Unraveling the Mystery: Rapid Genomic Diagnosis
Dr. Alan Ma, Clinical Geneticist at CHW, initiated rapid genomic testing. This crucial step led to a diagnosis of Cantu syndrome, a rare genetic condition affecting multiple body systems. The diagnosis brought much-needed clarity for Abel's family.
The diagnosis provided clarity for Abel's family, as his mother, Melanie, noted it offered relief by explaining his symptoms.

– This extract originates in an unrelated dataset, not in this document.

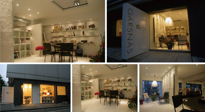 PGギャラリーはコアド&マテリアルズのショールームとして、落ち着いた雰囲気の中で商品を確認できるように照明計画を行っています。家具やインテリア小物も取り扱っているため、壁の鉛直面を照明することで、店舗の中を見えやすくし、入りやすさを高めています。

Cantu syndrome is caused by a rare genetic variant, with fewer than 100 diagnoses worldwide at the time Abel was diagnosed. Research suggested that glibenclamide, a diabetes medication, could potentially manage the syndrome by targeting specific cellular channels. Abel began this experimental therapy under close supervision and was discharged home after six months.
A Long Road to Recovery
Abel's early years included complex medical needs. He suffered from low muscle tone, requiring ongoing allied health support. He relied on tube feeding until 11 months, later transitioning to a gastrostomy. Demonstrating remarkable resilience, he overcame oral aversion and learned to eat independently.
He also required BIPAP breathing support for an extended period, which was gradually phased out. Chronic lung disease caused frequent hospital admissions in early childhood, though these have since reduced significantly. He was later diagnosed with global developmental delay.
Thriving Today: A "Very Normal Life"
Now eight years old, Abel engages enthusiastically in a range of activities. He enjoys comic books, video games, bike riding, and tennis. At school, he participates in garden club, sports, and library time, receiving support for auditory processing and vision.
His mother, Melanie, stated that Abel now lives a "very normal life."
The Power of Early Diagnosis
Dr. Ma highlighted that early diagnosis and treatment can significantly impact survival and long-term outcomes for children with rare diseases. Abel's case profoundly underscores the value of rapid genomic testing in guiding care and opening avenues for therapies that might otherwise be overlooked.
Efforts are ongoing to expand access to expert genetics services and testing across NSW and Australia. The goal is to ensure equitable opportunities for children with rare conditions, helping them access life-changing diagnoses and treatments.